The NSW Independent Review found that "the animal welfare issues that result from shooting ... flying-foxes are unacceptable ethically and legally". The Qld Animal Welfare Advisory Committee advised the Minister for Primary Industries and Fisheries that "the shooting of flying-foxes to control predation in the fruit crop industry is inhumane". A study by Sydney University found that "At least 27% of flying-foxes that were shot were alive hours and at times days after being shot" which contravenes any definition of “humane killing”. Flying-fox young die from thirst of starvation over several days when their mother is shot. There is no animal welfare organisation in Australia that believes that the shooting of flying foxes is humane.
Is shooting flying-foxes sustainable?
Proponents of shooting claim that the numbers shot will not cause flying fox populations to decline. But those being shot include threatened species and enforcement is very limited.Click here
In 2009, the NSW Government ordered an independent review of shooting of flying foxes.
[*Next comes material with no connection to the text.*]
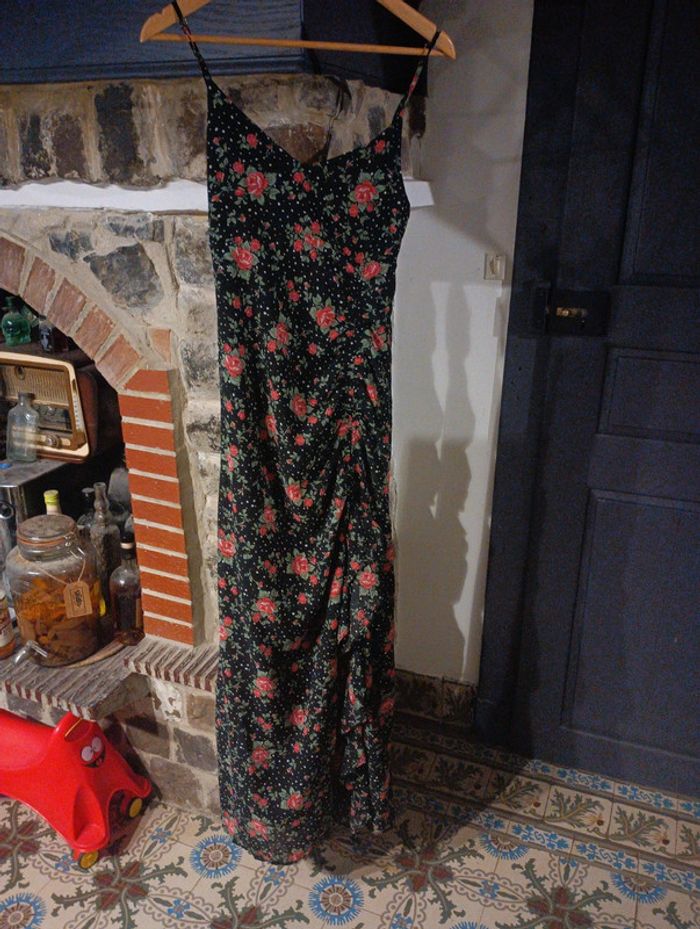 Robe longue fendue roses rouges - photo numéro 1

It concluded that "any orchard shooting will hasten decline of the flying fox population". It said that "shooting is ineffective when larger numbers of flying fox visit orchards" and that "the industry could rely solely on exclusion netting, as the means of Grey-headed Flying-fox crop damage mitigation". In short, it is not sustainable. Because flying-foxes breed slowly and are subject to many different threats, shooting can tip populations into decline or more rapid decline. The shooting occurs on private property at night, so it is almost impossible to enforce limits on numbers.